Li-Ion Battery Module for Preventing Thermal Runaway Spreading

The present invention relates to a battery module, and more particularly relates to a Li-ion battery module for preventing thermal runaway spreading.

The demand for high energy density energy storage systems is on the rise, such as energy storage for electrical grids, backup power for data centers and electric vehicles. The battery modules of these energy storage systems have various safety requirements based on the environment in which they are used. When thermal runaway occurs in the cells of the battery modules, high-temperature flammable gases and flames are generated. One of the safety requirements for the battery modules is to effectively prevent flames and sparks from spreading out of the chassis that accommodates the battery module during thermal runaway. The above thus ensures the overall safety of surrounding devices and personnel.

Accordingly, one objective of the present invention is to provide a Li-ion battery module for preventing thermal runaway spreading, which prevents flames and sparks from spreading out of the chassis that accommodates the battery module when thermal runaway occurs.

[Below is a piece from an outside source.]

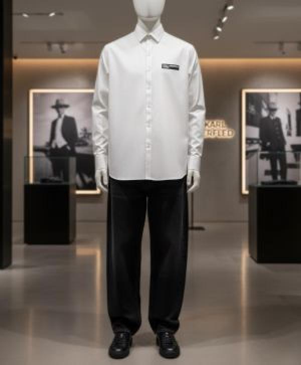 Home Shirts Karl White Premium Shirt Cotton Fabric with custom Branded Button Tagging And Brand Packing 3337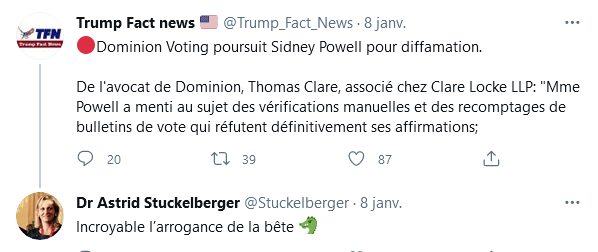 15/n : Mais elle est bien plus que ça. QAnon Doctor, tel est son surnom aux USA,… Une grosse pointure de la désinformation antivaxx, propagandiste QAnon et proche des cercles opérationnels de MAGA. (Make America Great Again, principal support de la campagne Trump)

In order to overcome the technical problems in prior art, the present invention provides a Li-ion battery module for preventing thermal runaway spreading, used in a chassis, comprising: a battery pack, including a plurality of cells; a thermally conductive plastic component disposed at the battery pack and having a plurality of openings; a separating plate, wherein the thermally conductive plastic component is disposed between the separating plate and the battery pack, an air flow path is formed between the separating plate and the chassis, and a plurality of vent holes of the separating plate are connected with the air flow path; a flame-retardant expandable member disposed between the thermally conductive plastic component and the separating plate; and a flow-limiting member, having a circuitous flow path, one end of the circuitous flow path being connected with the air flow path, and the other end of the circuitous flow path being connected with an internal space of the chassis, wherein positive terminals of the cells are provided to align with the plurality of openings and the flame-retardant expandable member such that high-temperature substances released by the cells in thermal runaway are to pass through the openings and to have the flame-retardant expandable member to expand and block the opening.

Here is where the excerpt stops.